(Saved data entries)
══════════════════════════════
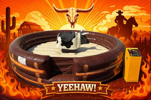 A mechanical bull can be the life of the party at your next event. Our bull rental comes with an attendant that is fully trained on the safe operation of the bull. Our bull has a large inflatable landing area for safe and soft landings. Our bulls also have a soft foam safety head that protects riders when they fall off. Our bulls also have an automatic safety stop sensor that will stop the bull instantly when the rider falls. Safety is always paramount at Inflate-A-Party. Our inflatable bulls are also equipped with six pre-set automatic competition levels and a time clock that will allow for riders to compete with the exact same skill level. Get ready for the ride of your life! They are the real deal and they will buck you off. Kids can ride as well with our experienced operator providing a safe level of riding for everyone to enjoy. Plenty of laughs and numerous photo opportunities. Fabulous addition to birthday parties, school events, church festivals, college events, company picnics and county fairs. Our Galaxy Multirides Mechanical Bull is made by the most world renowned manufacturer of mechanical bulls. A great photo opportunity for kids from 2-99 years old. Call us today at 919-740-2429
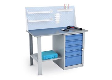 Верстак сборно-разборный ВЛ-2ЦФ-ОПуД (без экрана), модульный. Предназначен для слесарных и сборочных работ. Допустимая нагрузка на столешницу — 200 кг. None
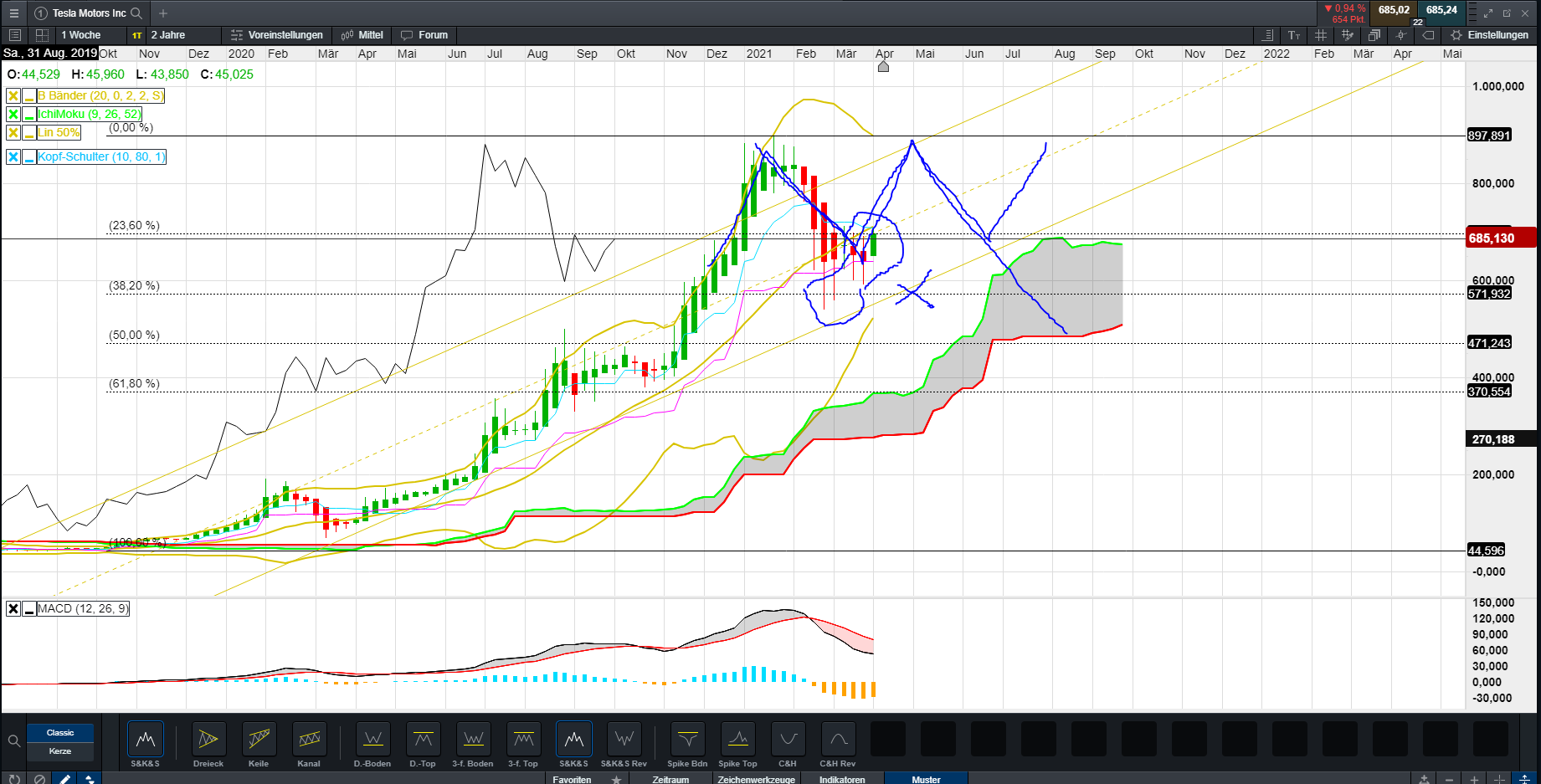 Ich habe erfahren, daß Tesla kein Automobilhersteller sondern Technologieunternehmen ist. Du musst als Peergroup Sowas wie Apple, Google nehmen. Da haste dann ca. den selben Verlauf;)
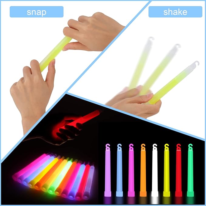• 💡Great for Party: This super bright glow stick has many different uses, it's perfect for Halloween decorations, trick-or-treating kits, party favors, carnivals, and more, and a great addition to all emergencies, power outages, survival kits, camping A must have.
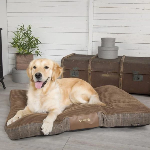 The Scruffs® Windsor collection is themed around two timeless colourways, in keeping with home decor trends. The beds are upholstered with a rich tweed outer sidewall, combined with contrasting chenille lining. A faux leather centre patch with embroidered Scruffs logo and faux leather piping complete the beds detailing. Each bed has a non-slip base.
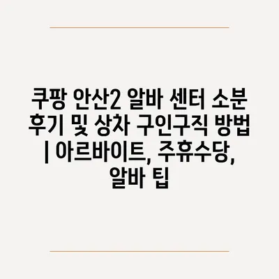 ✅ 쿠팡 안산2 알바의 생생한 후기와 팁을 확인해 보세요!
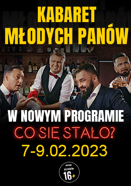7, 8 i 9.02.2023 roku o godzinie 17.30 i 20.30 zapraszamy na najnowszy program Kabaretu Młodych Panów – „Co się stało?”. Jest to sceniczna i oczywiście ironiczna odpowiedź na pytanie, na które większość z nas odpowiada – nic. Czasami lekko rozwijamy odpowiedź, która automatycznie przechodzi w pytanie – nic, dlaczego pytasz? Przecież jeżeli ktoś pyta, to kultura osobista nakazuje nam odpowiedzieć. Jeżeli ktoś docieka i jest żywo przejęty, a nawet gotowy podać receptę lub służyć pomocą, to należy udzielić konkretnej, rozwiniętej odpowiedzi, gdyż już w samym pytaniu Co się stało? słychać i widać, że coś się stało! Nie bójmy się rozmawiać, nie lękajmy się otwierać przed drugim człowiekiem i przede wszystkim nie udawajmy na co dzień, tylko bądźmy sobą!! Program dla widzów 16+ Bilety: od 85 zł. do nabycia na stronie organizatora: https://starmanager.pl/
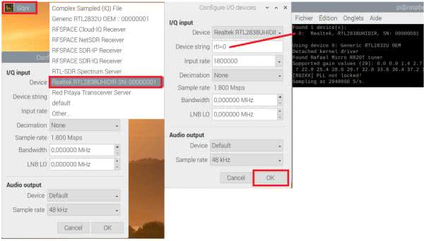 Aby słyszeć dźwięk z programu, należy do wyjścia audio Raspberry Pi podłączyć głośniki. Następnie uruchamiamy program i z menu wybieramy RTL-SDR. Zauważmy parametr rtl=0, który widać również w informacjach z rtl_test (rysunek 5). W tym menu ustawiamy także urządzenie wyjściowe, szczególnie jeśli ma być inne niż domyślne.
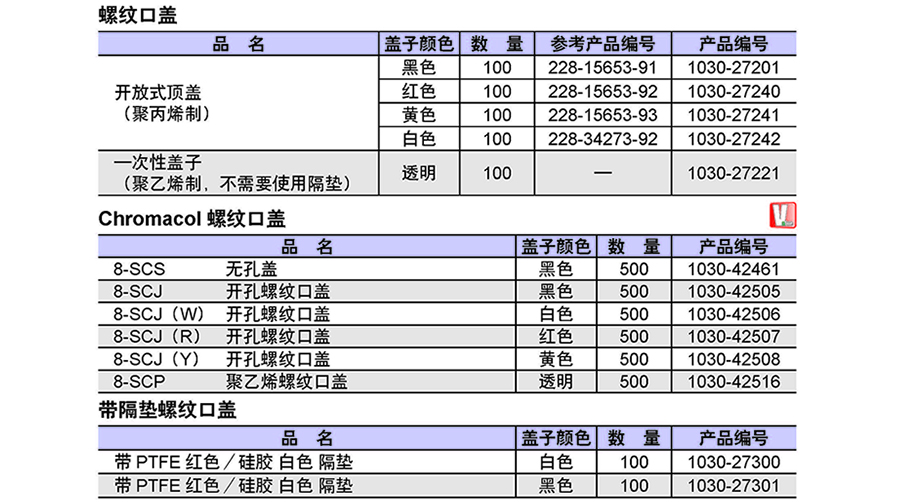 商品名称:上海岛津 12*32mm 标准口径(8-425)Chromacol螺纹口盖 8-SCS 无孔盖 黑色 1030-42461 商品编号:40019163 上架时间:2019/7/19 0:00:00
══════════════════════════════
Task prompt → Each entry above must be restated word for word; the pictures stay out of the copy.

Answer space →
 A mechanical bull can be the life of the party at your next event. Our bull rental comes with an attendant that is fully trained on the safe operation of the bull. Our bull has a large inflatable landing area for safe and soft landings. Our bulls also have a soft foam safety head that protects riders when they fall off. Our bulls also have an automatic safety stop sensor that will stop the bull instantly when the rider falls. Safety is always paramount at Inflate-A-Party. Our inflatable bulls are also equipped with six pre-set automatic competition levels and a time clock that will allow for riders to compete with the exact same skill level. Get ready for the ride of your life! They are the real deal and they will buck you off. Kids can ride as well with our experienced operator providing a safe level of riding for everyone to enjoy. Plenty of laughs and numerous photo opportunities. Fabulous addition to birthday parties, school events, church festivals, college events, company picnics and county fairs. Our Galaxy Multirides Mechanical Bull is made by the most world renowned manufacturer of mechanical bulls. A great photo opportunity for kids from 2-99 years old. Call us today at 919-740-2429
 Верстак сборно-разборный ВЛ-2ЦФ-ОПуД (без экрана), модульный. Предназначен для слесарных и сборочных работ. Допустимая нагрузка на столешницу — 200 кг. None
 Ich habe erfahren, daß Tesla kein Automobilhersteller sondern Technologieunternehmen ist. Du musst als Peergroup Sowas wie Apple, Google nehmen. Da haste dann ca. den selben Verlauf;)
• 💡Great for Party: This super bright glow stick has many different uses, it's perfect for Halloween decorations, trick-or-treating kits, party favors, carnivals, and more, and a great addition to all emergencies, power outages, survival kits, camping A must have.
 The Scruffs® Windsor collection is themed around two timeless colourways, in keeping with home decor trends. The beds are upholstered with a rich tweed outer sidewall, combined with contrasting chenille lining. A faux leather centre patch with embroidered Scruffs logo and faux leather piping complete the beds detailing. Each bed has a non-slip base.
 ✅ 쿠팡 안산2 알바의 생생한 후기와 팁을 확인해 보세요!
7, 8 i 9.02.2023 roku o godzinie 17.30 i 20.30 zapraszamy na najnowszy program Kabaretu Młodych Panów – „Co się stało?”. Jest to sceniczna i oczywiście ironiczna odpowiedź na pytanie, na które większość z nas odpowiada – nic. Czasami lekko rozwijamy odpowiedź, która automatycznie przechodzi w pytanie – nic, dlaczego pytasz? Przecież jeżeli ktoś pyta, to kultura osobista nakazuje nam odpowiedzieć. Jeżeli ktoś docieka i jest żywo przejęty, a nawet gotowy podać receptę lub służyć pomocą, to należy udzielić konkretnej, rozwiniętej odpowiedzi, gdyż już w samym pytaniu Co się stało? słychać i widać, że coś się stało! Nie bójmy się rozmawiać, nie lękajmy się otwierać przed drugim człowiekiem i przede wszystkim nie udawajmy na co dzień, tylko bądźmy sobą!! Program dla widzów 16+ Bilety: od 85 zł. do nabycia na stronie organizatora: https://starmanager.pl/
 Aby słyszeć dźwięk z programu, należy do wyjścia audio Raspberry Pi podłączyć głośniki. Następnie uruchamiamy program i z menu wybieramy RTL-SDR. Zauważmy parametr rtl=0, który widać również w informacjach z rtl_test (rysunek 5). W tym menu ustawiamy także urządzenie wyjściowe, szczególnie jeśli ma być inne niż domyślne.
 商品名称:上海岛津 12*32mm 标准口径(8-425)Chromacol螺纹口盖 8-SCS 无孔盖 黑色 1030-42461 商品编号:40019163 上架时间:2019/7/19 0:00:00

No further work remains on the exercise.